REACTING TO THE CHANGES
McCurry said hospitals officials have geared up to seek revenue from other sources to avoid the path the Cleveland Clinic has taken. Over the next five years, Mercy hopes to add up to $745 million in new revenue across the system. Potential sources for the new revenue include up to $600 million from virtual care and telemedicine initiatives, and $50 million in commercializing the system’s lab facilities.

In an interview after his audience comments, McCurry said Mercy is lobbying elected and appointed officials in Washington to make changes, but said it often feels like they are a “voice in the wilderness.”

He said the hospital has “long believed that health care reform was necessary,” but does not believe the new system is the best answer.

He did acknowledge that the American Hospital Association endorsed Obamacare and continues to support it, but added that the AHA action “wasn’t a popular decision among all members.”

REGIONAL PROGRESS REPORT
Before comments by Britton and McCurry, Goodman outlined several “promises kept” based on commitments made by Mercy officials beginning with the first community roundtable in 2010.

Officials with the St. Louis-based Sisters of Mercy announced in August 2011 a plan to invest about $192 million in Mercy facilities in the Fort Smith region as part of a 10-year plan to invest $4.8 billion in its operations in Arkansas, Kansas, Missouri and Oklahoma.

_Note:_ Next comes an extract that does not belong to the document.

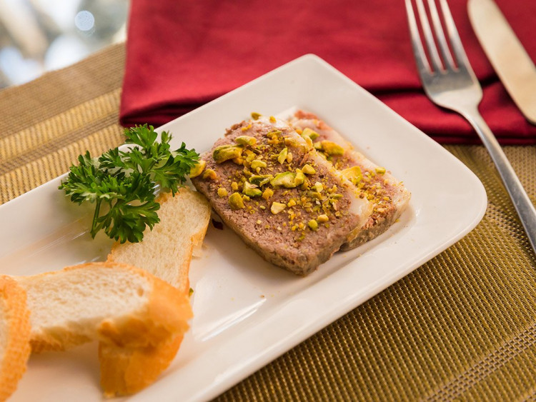 Pate gan ngỗng + bánh mì baguette cắt lát.

One of the promises kept is bringing in new physicians to address what continues to be a physician shortage in the Fort Smith area. Goodman said 30 doctors have been recruited to the area in the past year. The clinic now has 104 “primary care, specialty and hospital-based” doctors and 19 “advanced practice providers.” The clinic also has 278 non-physician employees.

Goodman said physician recruitment is not just about bringing doctors to Fort Smith. He said the clinic is negotiating to recruit a doctor to Booneville and a doctor to Ozark.

Goodman also announced that Mercy will build another primary care facility located across Cliff Drive from the Arkansas Best Corporate headquarters building. Construction is set to begin later this year, with the care center set to open in the summer of 2014.

Other highlighted improvements, additions and plans included:
• $10 million Mercy Heart and Vascular Center that opened in February 2013;

• A new Women’s Breast Center in the Mercy Medical Building set to open in December 2013;

• A new $4.5 million linear accelerator in the Hembree Cancer Center that allows radiation oncologists to more precisely target tumors;

• Opening of an orthopedic outreach clinic in Clarksville (Johnson County) and a cardiology outreach clinic in Stilwell, Okla.;

• New CT scanners in Mercy facilities in Waldron and Paris; and,

• A new school-based clinic in the Mansfield Public School District, with similar clinics set to open soon in Cedarville and Waldron schools.